Overview

Overview 

Corporate Governance Practices and Novo Mercado

Qualicorp is listed in the Novo Mercado. Therefore, in addition to the obligations imposed by current Brazilian law, the Company complies with the following requirements:

  • Issue only common shares;
  • Grant tag-along rights to all shareholders in case there is a divestiture by the controlling shareholder of the Company,  the acquirer is obliged to hold a public offer for shares acquisition to other shareholders, at the same price per share paid for the controlling block;
  • Ensure that Qualicorp’s shares, representing at least 20% of its social capital are effectively available for trading;
  • Adopt offering procedures that favors shares dispersion;
  • Comply with minimum quarterly disclosure standards;
  • Follow stricter disclosure policies regarding transactions made by controlling shareholders, board members and executive directors involving securities issued by the Company;
  • Submit any existing shareholders‘ agreements and stock option plans to the B3;
  • Disclose a corporate events schedule to shareholders;
  • Limit to two years the unified term for all Qualicorp’s Board members, composed by at least five members, with the possibility of re-election;
  • Within two years after listing shares on the Novo Mercado, prepare annual financial statements in English, including cash flow statements, in accordance with international accounting standards, such as U.S. GAAP or International Financing Report Accounting Standards (IFRS);
  • Comply exclusively to B3 arbitration rules, by which B3, the Company, controlling shareholder, management and members of fiscal council, agrees to resolve by arbitration any dispute or controversy related to the Novo Mercado listing rules;
  • Hold public meetings with financial analysts and any other interested third parties at least once a year to present information regarding its financial and economic position, projects and prospects; and
  • If a decision to delist from the Novo Mercado is made, the controlling shareholder must make a public offer to acquaire all outstanding shares at a price established based on a technical report made by an independent and specialized company.

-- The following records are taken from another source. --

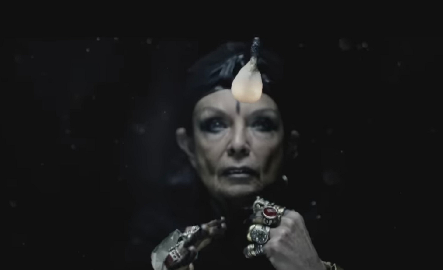 FKA Twigs’s experimental short film, M3LI55X, opens with her ominous, yet enchanting track Figure 8. Michèle Lamy is the star of this act, and is costumed as an angler fish adorned in gold. The duration of this act features Michèle leering into the camera, laughing, or staring pensively off camera into a dimly lit landscape. “I’ve a baby inside / But I won’t give birth / ‘Til you insert yourself inside me”, Twigs sings. There is something borderline indescribable about the belief of the possibility of creation that she sings of.
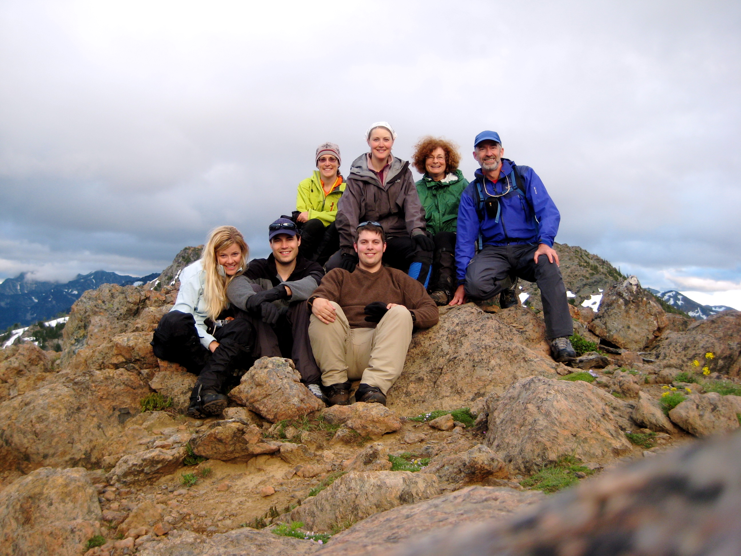 I spent Independence Day Weekend in the Cle Elum Mountains and Upper Icicle Mountains with Eileen, Beth, Mike M., Kerry, Greg, and Sarah. Our individual schedules and goals differed considerably: Eileen, Beth, and I were out for three days and hoped to tuck in three summits, whereas Mike, Kerry, Greg, and Sarah were out for two days and really didn’t care which summits they climbed.
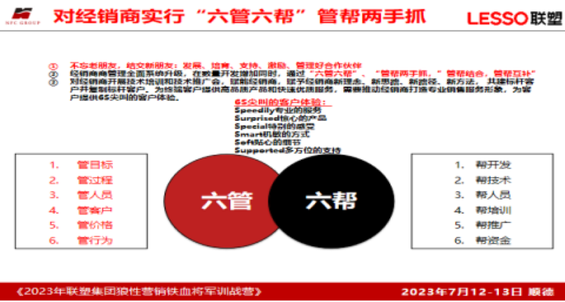 三是渠道经销商的管理与赋能体系,联塑集团在全国有3000多个一级经销商,是管道行业分销之王,渠道非常庞大,388vip太阳集团公司总结了一套经销商“六帮六管”的体系,刘祖轲老师说:“对经销商的管理就是最好的服务”,一下子颠覆了大家的观念,马上找到感觉和方法。
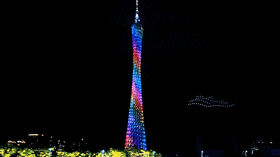 晚會表演精彩紛呈,而其中800架無人機演繹《新彩云追月》,帶觀眾領略前所未有的美的境界。此次無人機編隊表演由遠度科技和高巨創新合力打造,從藝術設計到技術實現再到完美無瑕的現場實施,雙方團隊傾盡全力,各施其責,為此次晚會量身定制了一場集光影科技、現代藝術、嶺南文化于一體的視覺盛宴。
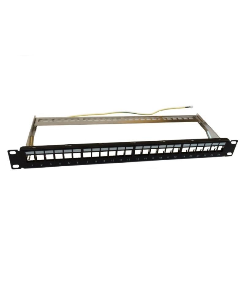 WP Patch Panel de 24 Puertos RJ45 CAT6 STP - 1U Keystone Modular - Color Negro
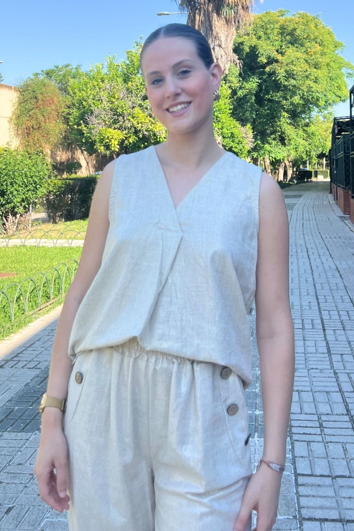 Conjunto en tejido shine compuesto por dos piezas. Blusa larga de manga sisa y escote de pico cruzado. Pantalón palazzo de tiro alto con cintura elástica y bolsillos delanteros con botones decorativos.
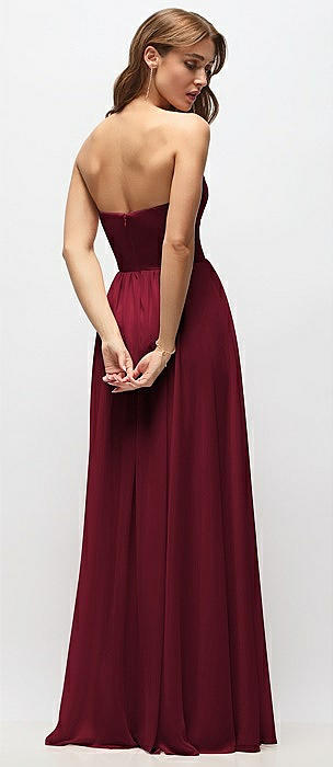 Strapless Pleated Surplice Chiffon Maxi Dress with A-Line Skirt in burgundy
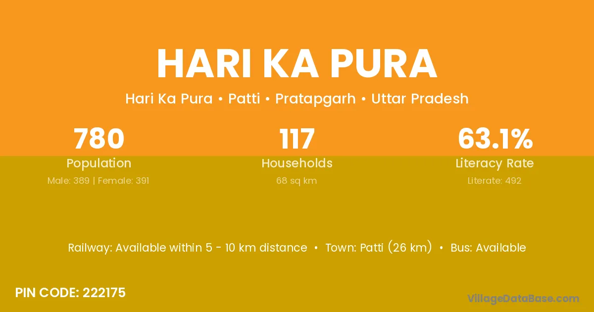 Hari Ka Pura village has a total population of 780 people, of which 389 are males and 391 are females.
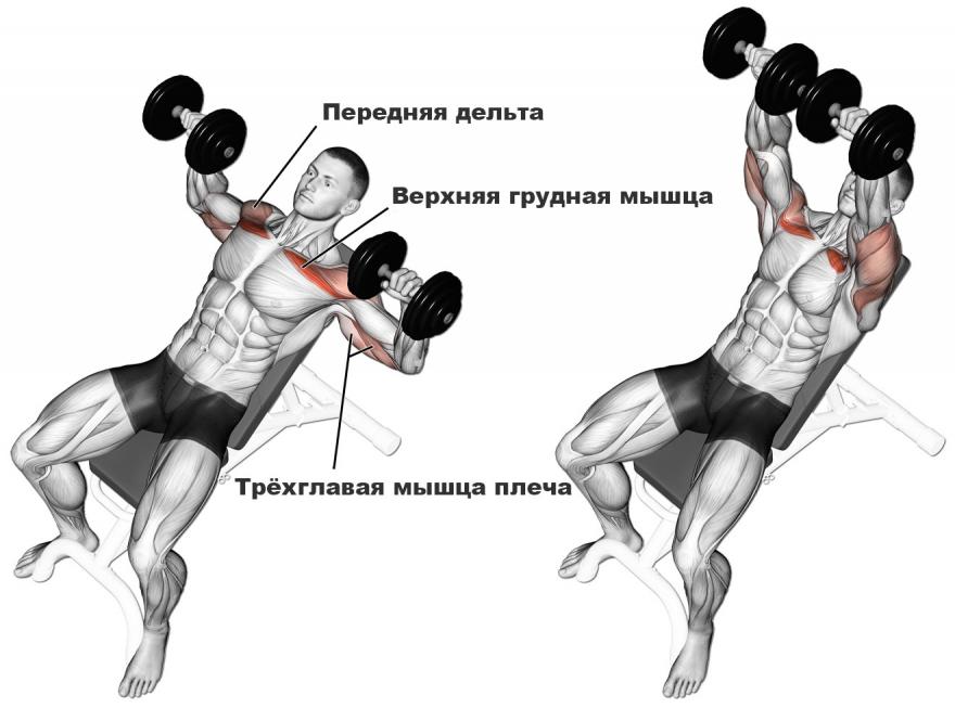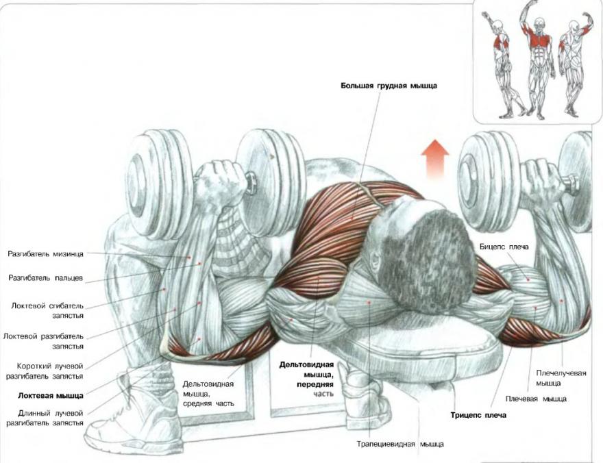 Это мегасет для набора массы и развития выносливости: вы чередуете три жимовых движения, растягивая подход. Конечно, надо уметь правильно выполнять все эти упражнения, отработайте их сначала с малыми весами.
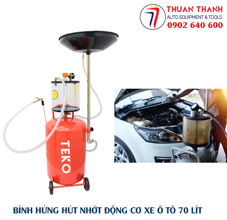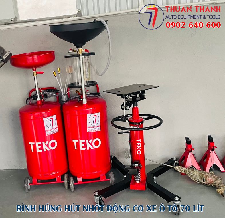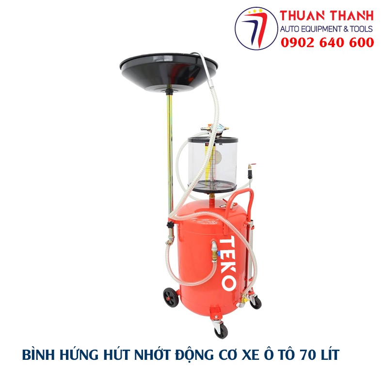 Thiết bị hứng hút nhớt thải TEKO 70 lít hay bình hứng hút nhớt thải TEKO 70 lít là thiết bị dùng để hứng nhớt thải xả ra từ động cơ ô tô, hộp số, cầu truyền động ô tô. Giúp dễ dàng thay thế và loại bỏ vết bẩn, nhớt thải ra được thu hồi và chứa trong bình chứa
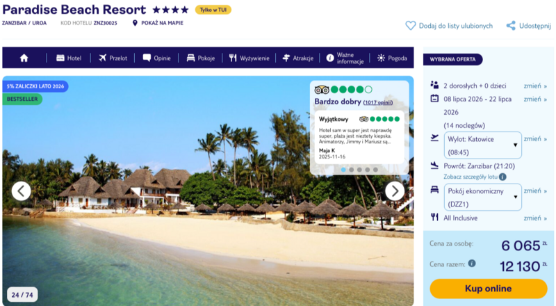 Szczyt sezonu wakacyjnego na Zanzibarze: 14 dni w 4* hotelu z all inclusive od 6065 zł
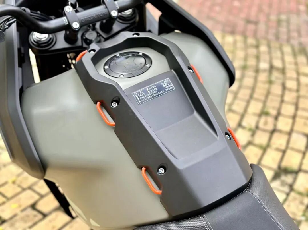 油箱中间提供了额外的载物托盘,并提供6个锚点,还是比较少见的设计,这里只有热爱摩旅的人懂。
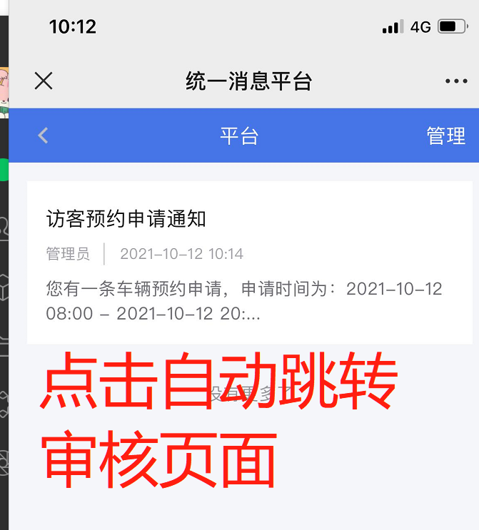 申请人发起申请后,部门管理员/校级管理员会收到消息,如下图:
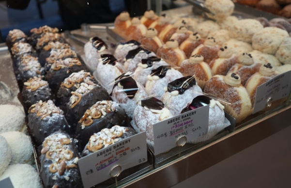 제주 특산물을 활용한 빵 종류가 참 다양해서 고르기 어려울 정도였는데, 결국 선택한 건 ‘우도 땅콩 크림 도너츠’와 ‘오메기떡 소보로 도너츠’.
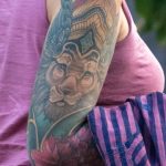 Tatuaż na rękawie z okiem Ra i motylem dla dziewczynki
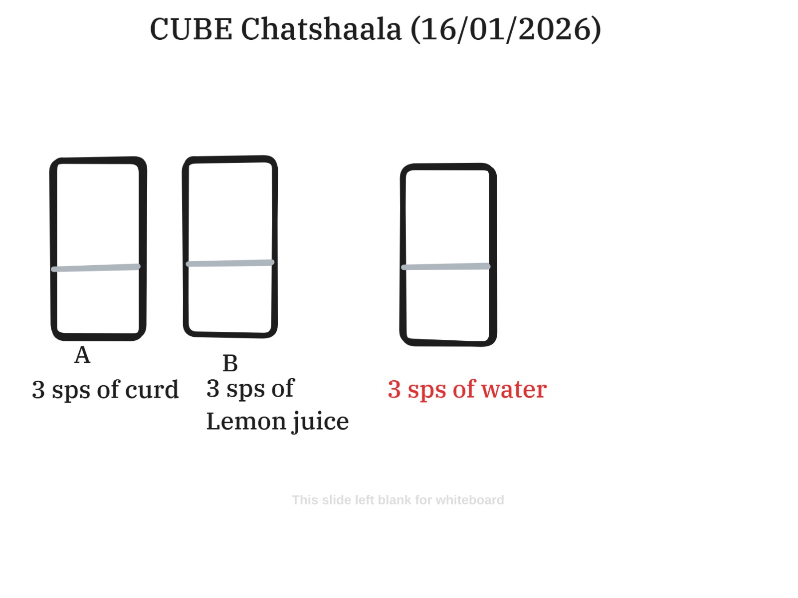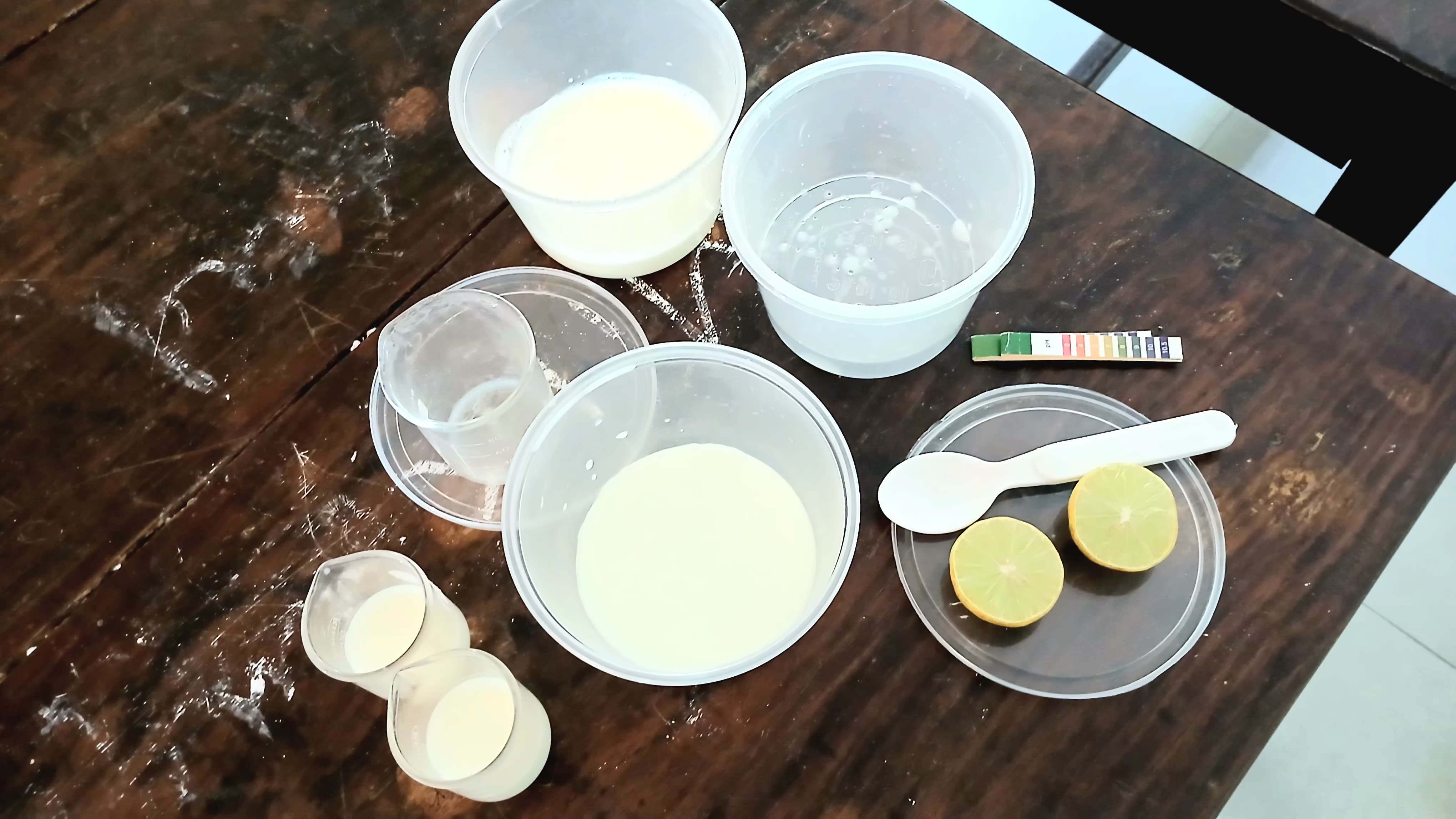 - Beaker A: Milk with 3 spoonfuls of starter curd (for biological control).
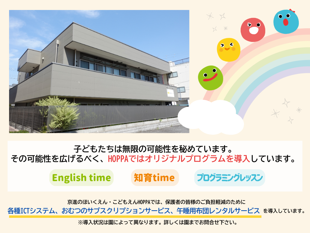 〒120-0003 東京都足立区東和2丁目26-9 TEL:03-6802-5291 保育時間中は子どもたちの活動によって、詳細にお答えできる時間がとれない場合がございます。ご了承下さい。
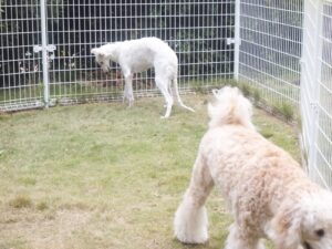 フェンス越しに他の大型犬や小型犬が居たので慣らします。
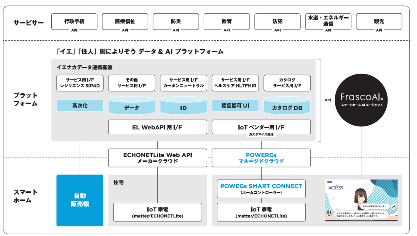 家電の自動制御やエネルギー使用状況の見える化をシームレスに管理する「POWERGs®(パワージーズ)」、目的別に高度なAIエージェントが容易に作成できるカスタムAIエージェント「FrascoAI®(フラスコエーアイ)」といったACCESSの技術に、「ECHONETLite Web API」、「イエナカデータ連携基盤」の技術を組み合わせ、IoT・AI・生活サービスを実現する次世代のスマートホームソリューションを展示します。
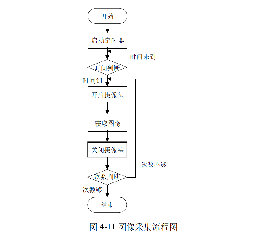 图像采集是考勤系统的核心模块之一,完成图像的定时和定次抓拍功能,流程如图 4-11 所示,这个模块主要涉及到摄像头控制、定时器触发以及图片获取等步骤。定时器启动前,预先设置定时时间和采集次数。系统通过持续监听定时器来触发定时任务,当设定时间到时,执行一次图像获取指令,并且在图像获取后立即关闭摄像头,资源占用解除后,判断采集次数,如果次数够,则结束采集过程。否则, 直到完成预定次数的图像采集过程为止。
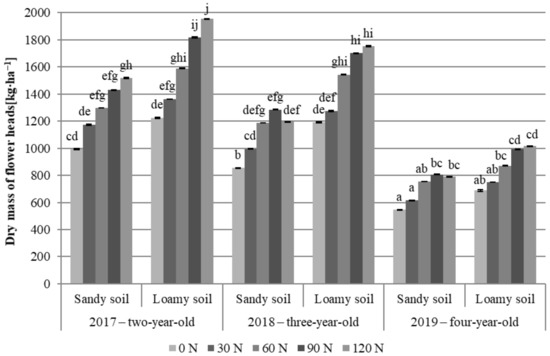 Yield of A. chamissonis flower heads depending on the experimental factors; 0 N, 30 N, 60 N, 90 N, 120 N—nitrogen doses (kg∙ha−1). Values designated by different letters are significantly different (p = 0.05) (Tukey test, p < 0.05).
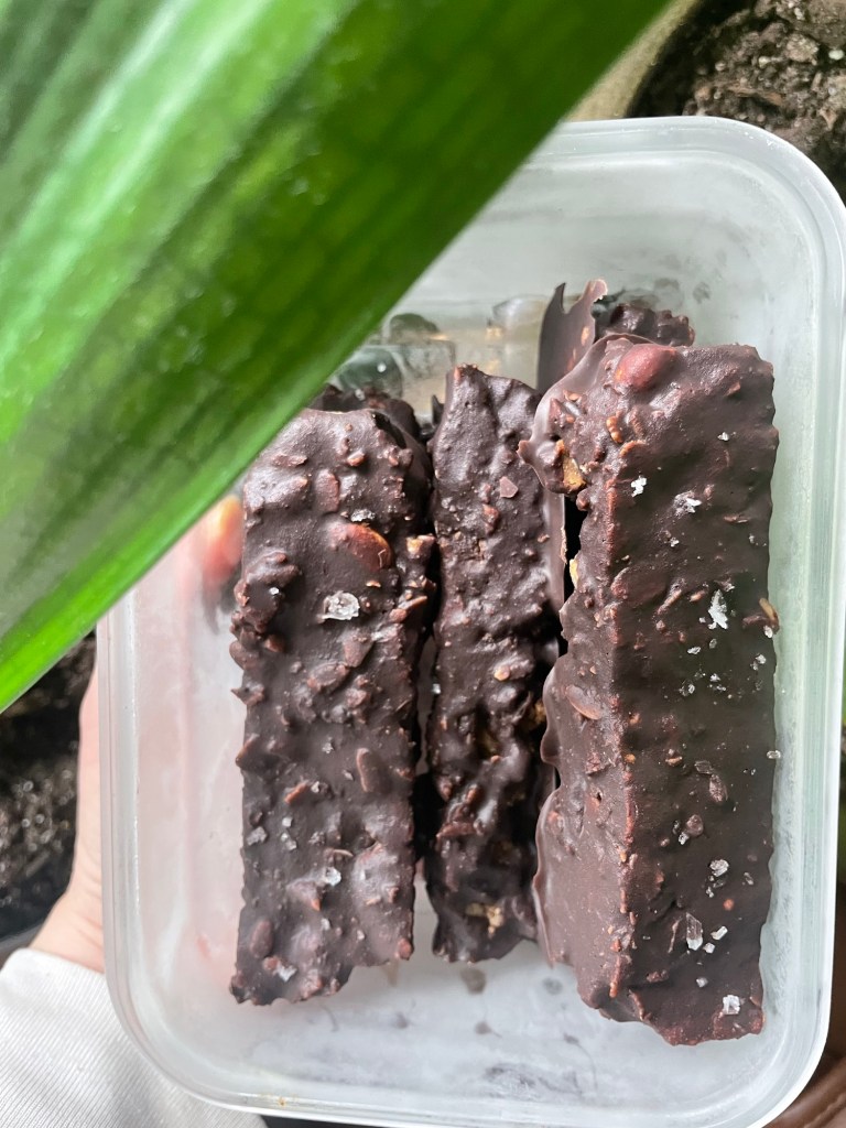 My goal truly was to replicate the chocolate dipped granola bars you can buy at grocery stores so I was genuinely happy with how they turned out! And luckily their consistency stays good even at room temperature so they’ve been a great snack to bring golfing, walking or sit with me while breastfeeding!!
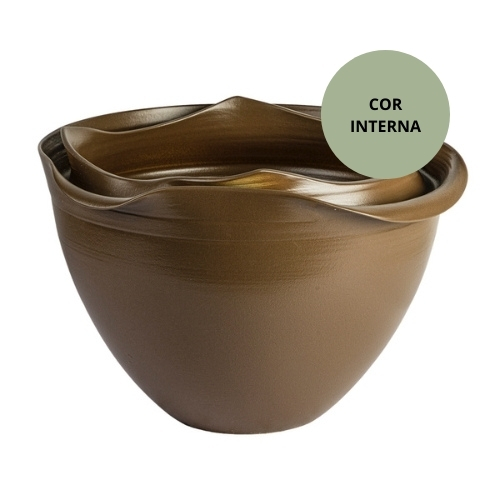Ref: C46A05-860-1280 0Cachepot de ceramica, formato de bordas onduladas e camadas que lembram a sobreposicao de petalas abertas, intitulado *Lotus* sendo um dos simbolos mais fortes da cultura chinesa, colecao Essencia do Oriente na cor marrom rustico e verde brilhoso.

Qualicorp common shares rights

Qualicorp shares guarantee their holders the following rights:

  • Right to vote at the Company’s General Meetings;
  • The Company will distribute mandatory minimum dividend, in each fiscal year, 25% (twenty-five percent) of the net income for the year, adjusted pursuant to Article 202 of the Lei das Sociedades Anônimas (Brazilian Corporation Law);
  • In case of cancellation of the registration as a publicly-held company or cancellation of listing on B3’s Novo Mercado, the right to sell its shares in a public offering to be launched by the Controlling Shareholders, for their respective economic value determined through the preparation of an appraisal report by a specialized and independent company, with proven experience and chosen by the Shareholders Meeting holding outstanding shares from a triple list presented by the Board of Directors, and the costs of preparing such report shall be fully borne by the Controlling Shareholders;
  • All other rights guaranteed to the Shares, under the terms set forth in B3’s Novo Mercado Regulations, Qualicorp’s Bylaws and the Brazilian Corporation Law.

 

The CVM Resolution 44 provides for the disclosure and use of information on a material act or fact relating to publicly held companies:

  • Establishes the concept of material fact, being included in this definition any decision of the controlling shareholder, resolution of the general meeting or of the management bodies of a publicly-held company, or any other act or fact of a political-administrative, technical, business or economic-financial nature that occurred or is related to the company’s business, which may have a significant influence on the (i) price of shares; (ii) investors’ decision to buy, sell or hold such shares; and (iii) the decision of investors to exercise any rights inherent to the condition of holders of shares issued by the Company;
  • It gives examples of potentially material acts or facts that include, among others, the signing of an agreement or contract for the transfer of the company’s shareholding control, the entry or exit of a partner that has an operational, financial, technological or administrative contract or collaboration with the company, incorporation, merger or demerger involving the company or related companies;
    • Oblige the Investor Relations Officer, controlling shareholders, directors, members of its board of directors, fiscal council members and any bodies with technical or advisory functions to communicate any material fact to the CVM;
    • Require simultaneous disclosure of material facts to all markets where the company has its shares listed for trading;
    • Require the acquirer of a controlling stake in a publicly traded company to disclose a material fact, including its intention to cancel its registration as a publicly traded company within one year of the acquisition;
    • Establish rules on the disclosure of the acquisition or disposal of a material equity interest in a publicly-held company; and
    • Restrict the use of insider information.